# Political Correctness Craziness And Monuments



## rjmoses (Apr 4, 2010)

With all the PCC (politically correct craziness) going on about Confederate monuments and their perceived connection to slavery, I am now beginning the removal of the single greatest monument to slavery and slave owners--the One Dollar bill with George Washington's portrait.

After all, George Washington was a slave owner.

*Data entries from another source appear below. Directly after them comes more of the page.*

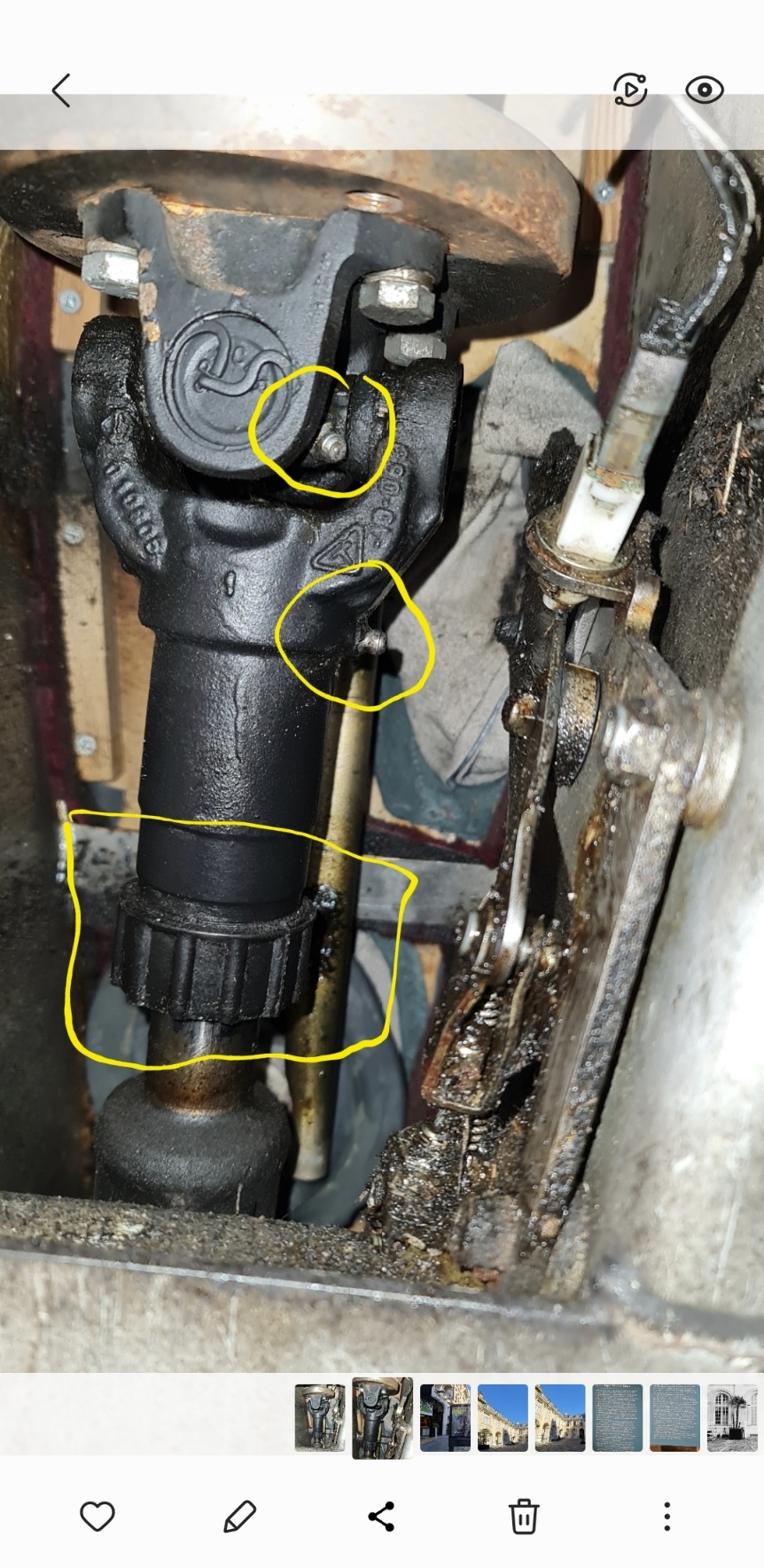 Bref, 20 secondes plus tard, me voilà au garage, sous la caisse. Je joins 2 photos : 1) du graisseur côté gauche (quand on est face à la voiture) ; 2)L'autre, côté droit, avec la pompe dans le graisseur (ou l'inverse). Frappé de voir comme l'emboitement n'est pas si facile...
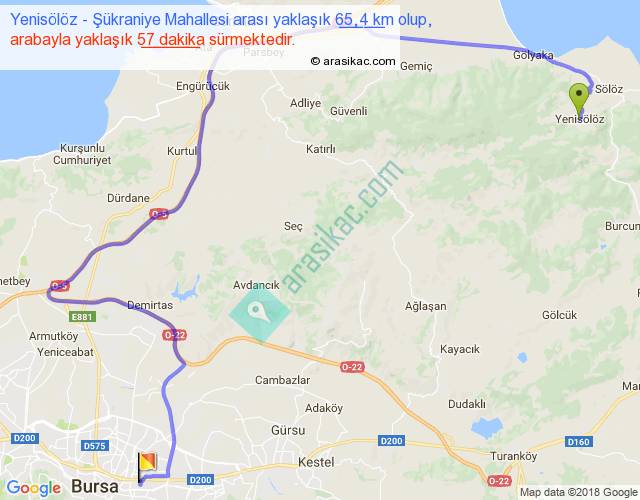 Yenisölöz - Şükraniye Mahallesi arası yaklaşık olarak 90 km/h ile yukarıda belirtilen sürede olup, iki yerin kuş uçuşu uzaklığı (mesafesi) 33'dir. Yolculuk otobüsle 1 saat 14 dakika sürmektedir.
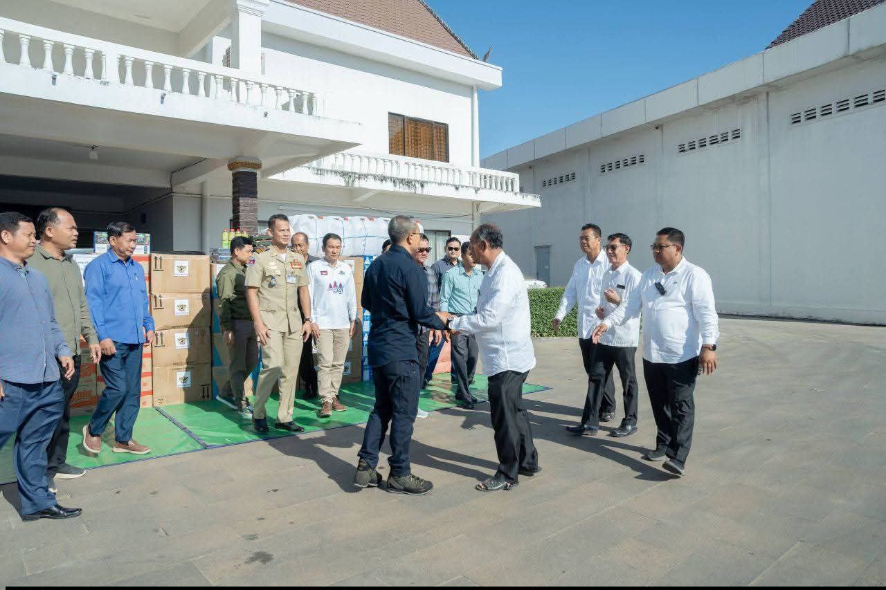 (ព្រៃវែង)៖ លោក សួន សុម៉ាលីន អភិបាលខេត្តព្រៃវែង រួមជាមួយថ្នាក់ដឹកនាំខេត្តព្រៃវែង នៅថ្ងៃទី២៤ ខែធ្នូ ឆ្នាំ២០២៥ បាននាំយកស្បៀងអាហារ គ្រឿងឧបភោគបរិភោគ សម្ភារប្រើប្រាស់ និងគ្រឿងបរិក្ខាពេទ្យ ថ្នាំពេទ្យ ដែលជាអំណោយដ៏ថ្លៃថ្លា របស់លោកអភិសន្តិបណ្ឌិត ស សុខា ឧបនាយករដ្ឋមន្ត្រី រដ្ឋមន្ត្រីក្រសួងមហាផ្ទៃ និងជាប្រធានក្រុមការងារ រាជរដ្ឋាភិបាលចុះមូលដ្ឋានខេត្តព្រៃវែង និងលោកស្រី កែ សួនសុភី ស សុខា រួមជាមួយអំណោយរបស់រដ្ឋបាលខេត្ត និងសប្បុរសជននានា ដែលបានចូលរួមឧបត្ថម្ភ តាមរយៈមូលនិធិ រដ្ឋបាលខេត្ត ជូនដល់វីរៈកងទ័ពនៅសមរភូមិមុខ និងជនភៀសសឹកចំនួន២,០០០គ្រួសារ នៅទិសខេត្តបន្ទាយមានជ័យ និងខេត្តបាត់ដំបងតាមរយៈ លោកអភិបាលខេត្តទាំងពីរ។
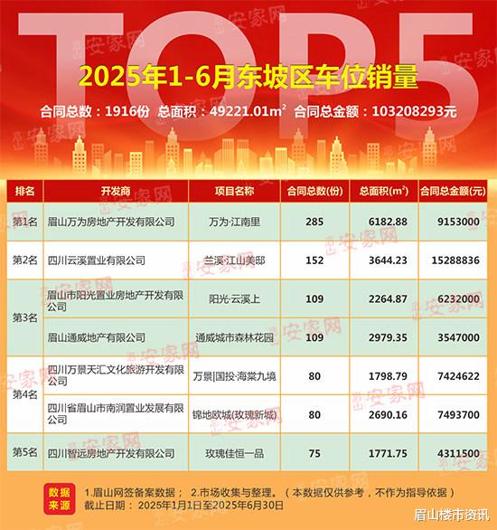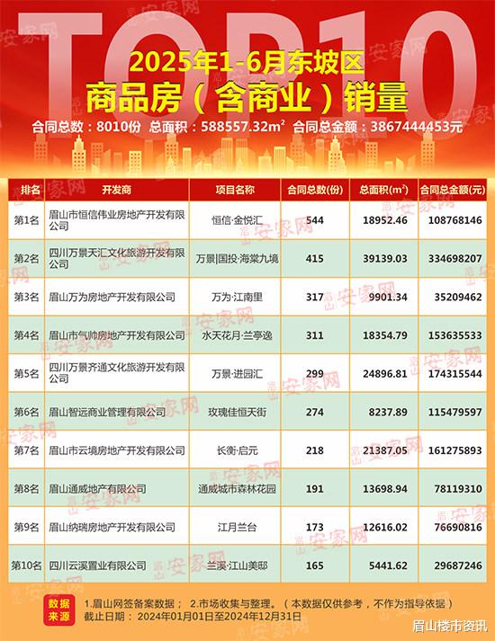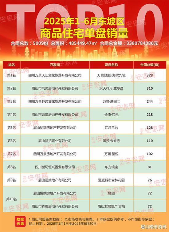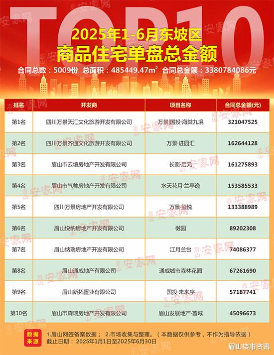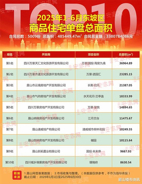 2025年1-6月眉山(东坡区)新房住宅成交5009套,总成交面积485449.47㎡,成交总金额3380784086元,剔除安置房后,商品住宅成交均价7330.69元/㎡;

So, please send all of your one dollar bills, and any that you may receive in the future, to me and I will personally dispose of them. After all, we don't want this tainted currency in circulation.

Ralph


----------



## somedevildawg (Jun 20, 2011)

This is all old hat for us down in the Deep South.....we used to have a statue of General Lee and also one of the soldier boy. 40 yrs ago, we had to remove them from their places of display and move them to the outskirts of town in a rundown cemetery, like I've said before, it's like the rest of the country is just now catching up tho the shit we've been dealing with for decades......if you hired a man/woman it had to be a black person, the next had to be a white person, then black then white, black/white.....same thing for promotions......almost the entire city police department is now black, public city works, fire department you name it, dominated by black folk.....of course the federal mandate was lifted now....they have enough diversity in the town, and it's just about bankrupt


----------



## swmnhay (Jun 13, 2008)

They should replace them with a monument for the Libtards.


----------



## swmnhay (Jun 13, 2008)

And another.


----------



## somedevildawg (Jun 20, 2011)

Sorry Cy, but that statue represents individuality.....we won't stand for that. Everyone knows no two snowflakes are alike.....that monument has to go, good try, but it won't fit nicely into our cookie cutter society. Not to mention, it's the wrong color....what were you thinkin'


----------



## mlappin (Jun 25, 2009)

Really want to end slavery? Abolish the IRS


----------



## IHCman (Aug 27, 2011)




----------



## RockmartGA (Jun 29, 2011)

It is amazing what 50 years of non-stop, politically correct propaganda can do. If there ever were an example of a man we should try to emulate, it would be Robert E. Lee.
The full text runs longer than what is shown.